It was in 1884 that Count Leo Tolstoy continued his personal confession in “My Religion” - he found in the principle of non-violent resistance (which he called “non-resistance”) the key to understand the Gospels, a new understanding of his life and of modern society in his age. Non-violence became the ethical basis for his doctrine of Truth Force which has later been developed by Mahatma Gandhi in his “Satyagraha” philosophy and Dr. Martin Luther King jr. in his concept of Soul-Force.
“My personal life is interwoven with the social, political life, and the political life demands of me a non-Christian activity, which is directly opposed to Christ's commandment. Now, with the universal military service and the participation of all in the court in the capacity of jurymen, this dilemma is with striking distinctness placed before all people. Every man has to take up the weapon of murder, the gun, the knife, and, though he does not kill, he must load his gun and whet his knife, that is, be prepared to commit murder. Every citizen must come to court and be a participant in the court and in the punishments, that is, every man has to renounce Christ's commandment of non-resistance to evil, not only in words, but in action as well”
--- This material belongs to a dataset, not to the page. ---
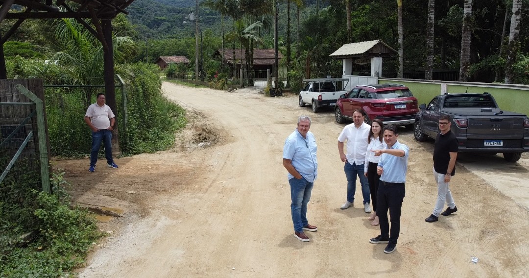 Vereador John Lenon apresentando área com o grupo de empresários no Interior de Camboriú. Foto Edenilson Pozzobon.

And by the examples of the superior court and district court, criminal court and the court of arbitration Tolstoy illustrated the Christian doctrine condemning the State's principle of violent retaliation:
“Christ says, Do not resist evil. The purpose of the courts is to resist evil. Christ prescribes doing good in return for evil. The courts retaliate evil with evil. Christ says, Make no distinction between the good and the bad. All the courts do is to make this distinction. Christ says, Forgive all men; forgive, not once, not seven times, but without end; love your enemies, do good to those who hate you. The courts do not forgive, but punish; they do not do good, but evil, to those whom they call enemies of society. Thus it turns out, according to the meaning, that Christ must have rejected the courts."
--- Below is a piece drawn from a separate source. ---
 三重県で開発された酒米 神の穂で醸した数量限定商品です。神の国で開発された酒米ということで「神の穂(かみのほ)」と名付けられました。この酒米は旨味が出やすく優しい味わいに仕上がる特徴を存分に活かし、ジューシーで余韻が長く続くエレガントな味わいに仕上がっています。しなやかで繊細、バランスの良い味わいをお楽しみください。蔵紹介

Where after Tolstoy pointed out how often Jesus had come into conflict with the political law, because he returned back to the origin of Divine Law. Jesus broke the law of the privileged castes which tortured and finally killed him. The lasting impression of a public execution in France during his trip through Europe was reflected in Tolstoy's words of ethical disgust with the human criminal law in “My Religion”:
“No man with a heart has escaped that impression of terror and of doubt in the good, even at the recital, not to speak of the sight, of the executions of men by just such men, by means of rods, the guillotine, the gallows”.
“Christ says, You have been impressed with the idea, and you have become accustomed to it, that it is good and rational by force to repel the evil and to pluck an eye out for an eye, to establish criminal courts, the police, the army, to resist the enemy: but I say, Use no violence, do not take part in violence, do no evil to any one, even to those whom you call your enemies”.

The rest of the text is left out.